__TASK TO COMPLETE__
Print the lines in the listing below starting at the line with "Eight Mauchline Ware" and ending at the line with "Ces rsistances GTX permettent", both included. Reproduce them exactly and omit every picture.

__SOURCE MATERIAL__

--

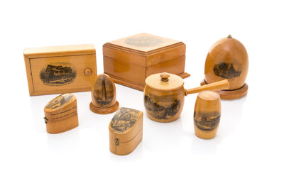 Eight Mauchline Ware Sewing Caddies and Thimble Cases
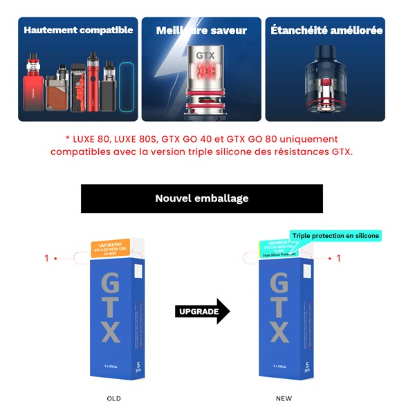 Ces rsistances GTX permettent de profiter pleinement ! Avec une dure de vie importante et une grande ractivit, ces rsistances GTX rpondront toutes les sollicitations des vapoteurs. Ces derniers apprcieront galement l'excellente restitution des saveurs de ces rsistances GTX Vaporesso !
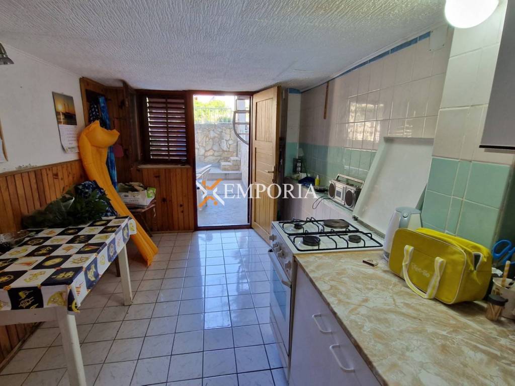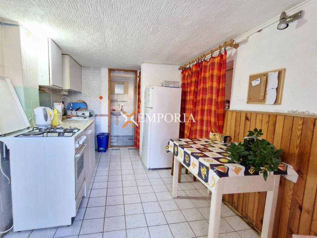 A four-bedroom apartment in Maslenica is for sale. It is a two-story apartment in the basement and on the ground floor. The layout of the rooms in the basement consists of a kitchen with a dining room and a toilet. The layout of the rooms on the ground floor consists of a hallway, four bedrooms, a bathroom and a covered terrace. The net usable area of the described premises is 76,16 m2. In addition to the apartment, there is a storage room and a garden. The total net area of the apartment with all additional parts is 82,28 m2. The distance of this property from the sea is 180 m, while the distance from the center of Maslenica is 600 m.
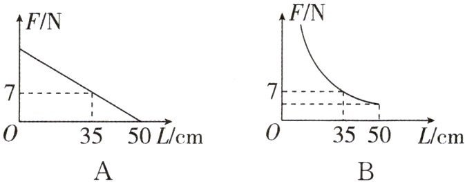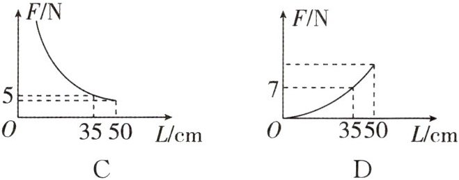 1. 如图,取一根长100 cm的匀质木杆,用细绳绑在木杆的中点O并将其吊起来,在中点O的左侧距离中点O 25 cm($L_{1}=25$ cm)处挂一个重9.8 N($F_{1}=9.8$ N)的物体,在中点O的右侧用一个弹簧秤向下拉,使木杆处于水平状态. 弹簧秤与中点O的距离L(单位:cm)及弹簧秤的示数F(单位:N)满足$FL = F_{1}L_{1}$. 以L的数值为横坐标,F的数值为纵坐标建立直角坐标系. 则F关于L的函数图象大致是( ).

--

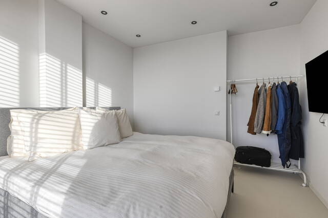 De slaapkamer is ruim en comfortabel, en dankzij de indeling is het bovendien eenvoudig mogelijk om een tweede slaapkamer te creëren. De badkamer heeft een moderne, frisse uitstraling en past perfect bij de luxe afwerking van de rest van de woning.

--

__RESPONSE AREA__
 Eight Mauchline Ware Sewing Caddies and Thimble Cases
 Ces rsistances GTX permettent de profiter pleinement ! Avec une dure de vie importante et une grande ractivit, ces rsistances GTX rpondront toutes les sollicitations des vapoteurs. Ces derniers apprcieront galement l'excellente restitution des saveurs de ces rsistances GTX Vaporesso !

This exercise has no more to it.